The following day, over thirty ELN insurgents ambushed the team of five at dusk. She and another recruit, Kerr, were able to stay alive long enough and use the cover of darkness to slip away through a hole in the attack. For the next six days, she pursued the ELN squad. There was a main core of fifteen that would swell upwards to forty and then disband. She kept track of the main group with Kerr until the sixth night when they shrunk to only eight. She had Kerr stationed just on the outskirts of the camp with explicit instructions: “Don’t move.”
Slithering through the ground, she came upon the scout who was keeping watch. His name was Church, but for the purposes of the drill he smeared dark green paint on his face and was a firm believer in focalism. His black ski mask was pulled up on his head and he wore a boonie atop. He was comfortable. It was his mistake.

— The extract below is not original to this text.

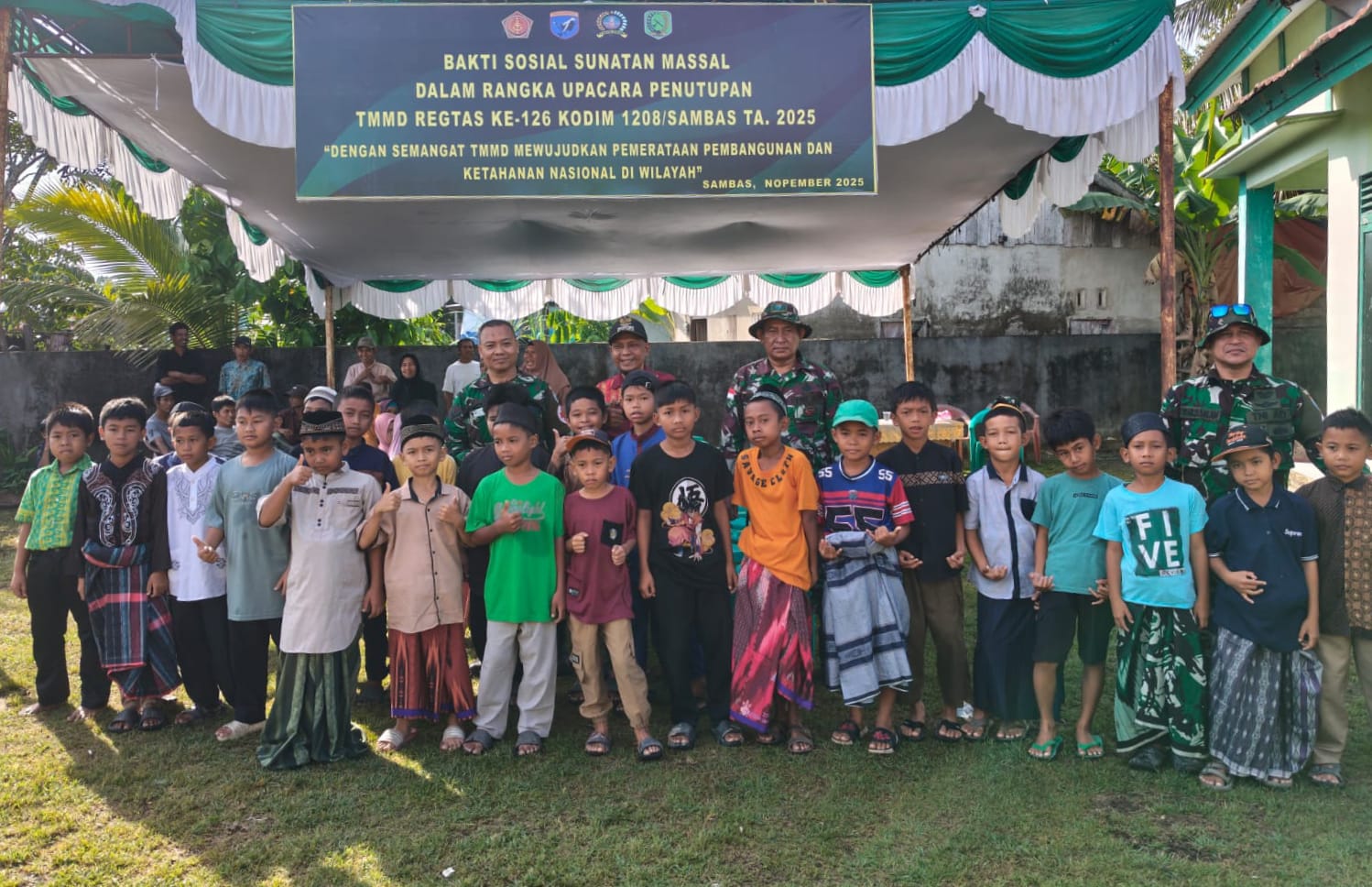 Sambas – Kegiatan penutupan TNI Manunggal Membangun Desa (TMMD) Reguler ke-126 Kodim 1208/Sambas turut dimeriahkan dengan pelaksanaan khitanan massal bagi anak-anak warga Desa Ratu Sepudak dan sekitarnya, Kamis (06/11/25).

She snuck up on him and drew her knife. The blade made the lightest breath as it released from its sheath, the killing spirant. He was on his feet taking slow steps around the bivouac. He did not notice his boot almost kissed her knee. She rose behind him and in one muted glimmer had her hand on his mouth and knife on his throat. She whispered: “You’re dead.”
She then woke up the remaining seven in a similar fashion. The last was the team leader, Gibson. She tapped his boots for him. When he woke, he saw the other members of his team sitting around the fire. His combatant stood above.
“Evening, Robins,” he stretched out of his waterproof blanket.
He rolled his eyes as he sat up. He looked at his men. “I assume I’m dead?”
“That would be correct.”
“You all, too?” he asked aloud. The team nodded. He shook his head. “Goddamnit, Church.”
Church said nothing.
Gibson looked at Robins. “Knife?”
He nodded. “Good work. What about Kerr?”
“He’s securing the perimeter.”
“How is he?”
“Smart enough to stick with me.”
“You cocky bitch.”
“Easy, sir,” Church said. “That’s a real knife she’s wielding.”
The men laughed.
“All right,” Gibson said. “This op is over. I want to thank you, Myra. I was beginning to miss my bed.”
The next mission used a mixture of al Qaeda techniques and various tactics from sub-Saharan guerrilla outfits. She was the team leader. The initial testing was over. Now she was being prepared for what was to come.